Menedemos pointed to a street that headed south just beyond the temple. “Shall we try this one?”

“Why not?” Sostratos replied. “If we’re wrong, we can’t be far wrong. The Athenian said second or third house down, didn’t he?”

“That’s right,” Menedemos said. When they came to the second house, he knocked on the door.

Several dogs inside the house started howling: not little yapping lap-dogs, but Kastorian hunting hounds with big, deep voices. Menedemos found himself hoping whoever was in there wouldn’t open the door. He let out a sigh of relief when all he got was a hoarse shout: “Who’s there? What do you want?”

“Is this the house of Protomakhos son of… uh…?”

“Alypetos,” Sostratos supplied.

“No,” the voice said over the baying of the hounds. “He lives next door, one house down.”

“Artemis be praised for that,” Menedemos muttered as they went on to the next house. “If they’d opened the door to that last place, those dogs might have eaten us alive.”

“We wouldn’t have been alive for long,” Sostratos said, relentlessly accurate. “And how would you like to live next door to that racket all the time? I like my peace and quiet. If it were me, I’d be tempted to throw some poisoned meat over the wall and get rid of a few of those beasts.”

“It’s not just the racket, either.” Menedemos held his nose. “I know cities can’t help being smelly places, but I don’t fancy dog shit in my nostrils all day long. There’ll be more flies, too, especially when the weather warms up.”

“Would you rather stay at an inn, then?” Sostratos asked.

Menedemos sighed and tossed his head. “No, we’re here.” He knocked on the door. Again, someone on the inside asked who he was. He gave his name and Sostratos’, adding, “This is the house of the Rhodian proxenos, isn’t it?”

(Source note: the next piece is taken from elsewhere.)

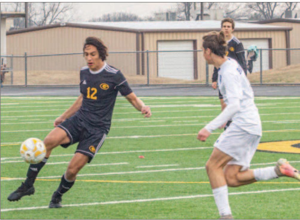
TRISTON MCGEEHEE | THE GATESVILLE MESSANGER

The door opened. The man standing there had to be Protomakhos himself. He was about fifty, broad-shouldered, a little thick in the belly but still vigorous, with a face that would have been strikingly handsome but for a nose that had met a mishap somewhere and bent to the left. “Come in, friends,” he said. “Use my house as your own for as long as you’re in Athens. I’ve heard of your fathers. If you match them, you won’t be doing bad. Try to ignore the smell from next door; Demotimos raises hunting dogs.”

“Thank you very much,” Menedemos and Sostratos said together. Protomakhos stood aside to let them in. A beginning, Menedemos thought. In he went, Sostratos at his heels.